I was fortunate to be able to
speak at the October dinner and meeting of the Houston Material
Handling Society. This group has been in existence for many
years and is an adjunct of ASME. It was a humbling experience
for me to speak to a group of some 40 engineers and material
handling specialists with nearly 1,000 years of total experience.
Needless to say I was awed, but not speechless . I took the
opportunity to quote Dr. Peter Martin of Invensys who stated,
in the Executive Corner of the September issue of InTech magazine,
that "engineers must step up and take a leadership role
within their companies by helping drive new levels of business
performance". This is a challenge and I set my goal to
provide, in only one hour, one or two pieces of information
and insight that could help these HMHS engineers do just that.
The topic of my talk was "Recent Directions in Bulk Solids
Level Measurement & Monitoring" and I focused on two
trends. First, the growing use of self-validation level monitors
as high and low level bin level indicators. The second topic
dealt with ensuring successful installation of the fastest
growing and most popular level measurement technology for bulk
solids applications, the guided wave radar level sensor.
Today, the cost of an overfilled silo is estimated to be about
$5,000 each spill. This cost includes the cost of lost material,
cleanup costs, damaged equipment such as baghouses and vents,
fines for air quality violations and lost production due to
downtime. Most spills seem to be caused by unknown level monitor
failures. In other words, when your high bin level indicator
fails you won't know about it until one day when you are filling
the vessel you do not get the high level indication and, all-of-a-sudden,
you have overfilled the silo. The amazing thing is that for
about $100 more this can be eliminated. The #1 answer to preventing
spills due to unknown level monitor failure is to use a self-validating
device. These self-validating level monitors continuously check
their health and ability to perform their intended function.
If their is an internal failure an output indicates such and
you are able to correct the failure before it costs you big
time. The self-validating level monitor for bulk solids uses
rotary paddle technology, which is low cost and very universal.
Guided wave radar level sensors are growing in popularity
and use for bulk solids level measurement applications by more
than 20% per year. The reason for this
includes their almost universal applicability in solids measuring
applications. Granular materials, very dusty powders are no
problem. Even many materials that might stick or cling can
be handled. The only limitation of guided wave radar devices is
low dielectric constant materials, and there is even a good
solution for most of those. Guided wave radar devices are very
affordable, accurate and reliable. To ensure successful installation
however, there are a few tips worth mentioning:
||Know the dielectric constant
of the target material.
||Respect the energy field surrounding
the probe element from the top to the bottom
The dielectric constant of the material will affect the maximum
length or distance that can be measured using GWR and is therefore
important. This only applies to the Direct measuring mode.

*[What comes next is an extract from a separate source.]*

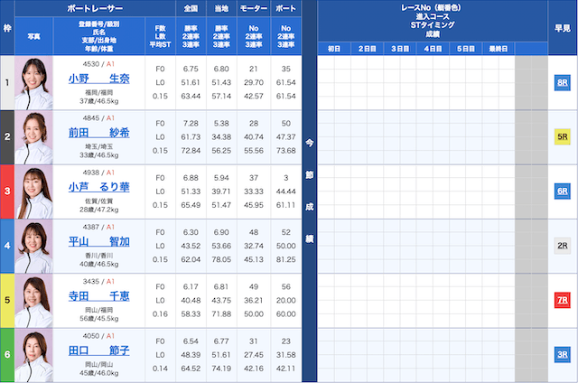 児島競艇5Rの鉄板予想
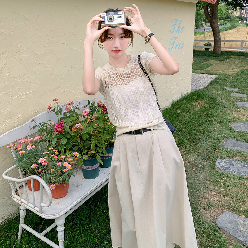 高级香风镂空上衣半身裙套装女夏季新款气质时尚显瘦两件套

This information will also determine if the TBF mode for low
dielectric materials needs to be used.
The radar pulses generated by the instrument travel to the
material surface guided by a probe, typically a very heavy
duty stainless steel cable probe. It is important in these
bulk solids applications to keep a clear 12" radius around
the cable probe from top to bottom. In addition, this includes
under the probe’s counterweight. And no, it is not recommended
or desired for the cable probe to be secured to the bottom
in these bulk solids level measurement applications.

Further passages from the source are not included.